In the heart of an ever-gentrifying New York City neighborhood, the Nuyorican Poets Café was once called “the most integrated place on the planet” by none other than Beat poet Allen Ginsberg. Today it remains a wildly diverse venue still influenced by its mostly Puerto Rican founders who claimed it as a site of artistry and resistance in 1973.
Poet and founder Miguel Algarín and his artist friends just wanted a place to get together to create.
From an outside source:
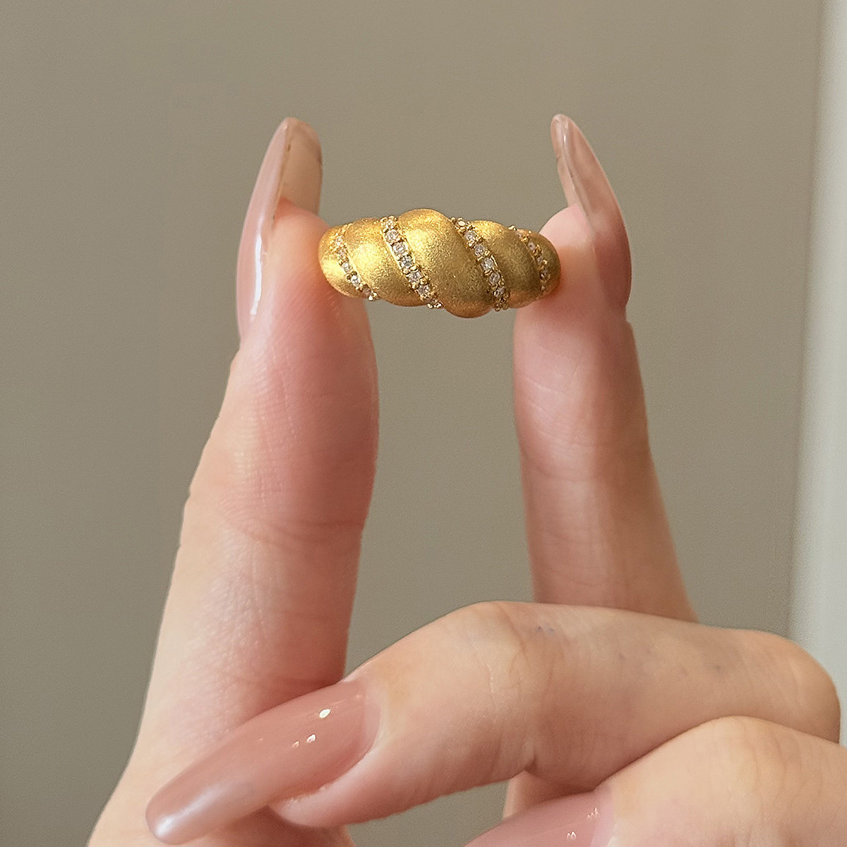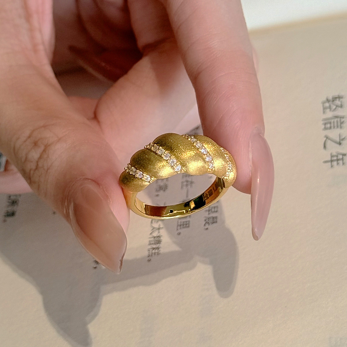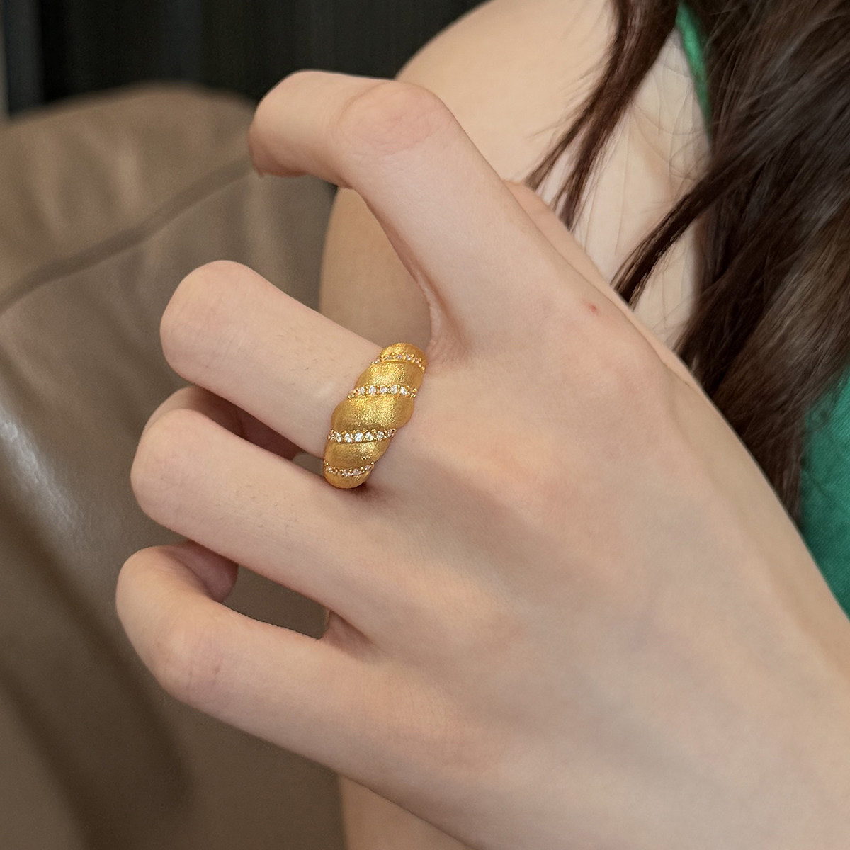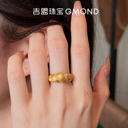 吉盟珠宝5D点钻黄金戒指999足金面包指环个性时尚设计感送女友

By the 1990s, the Café was the epicenter of Slam Poetry in the country.
With its focus on spoken word, and slam poetry in particular (though it also hosts hip-hop, rap, and Latin jazz artists), the Café embodies the belief that anyone can take the stage and interpret one of the most accessible art forms. “The philosophy and purpose of the Nuyorican Poets Café has always been to reveal poetry as a living art,” Algarín wrote in the anthology Aloud: Voices from the Nuyorican Poets Café.
That feeling remains.
On a recent Open Mic night, for example, audiences were treated to a raunchy stand-up set about girls with big body parts by a tall Haitian man, a convulsive spit session by a wiry New Zealander, a rap performance about coffee and water that elicited plenty of hollering, and a moving socially conscious piece called “Don’t Do That” that felt like a woke listicle come alive thanks to its thumping beats. “Let’s all do the best to not elect a reptile,” the performer intoned, “and don’t do any drugs made in the 80s.” It even called out the rampant homophobia that often greets provocative rap performers: “Don’t say no homo; we’re all gay as f*ck.”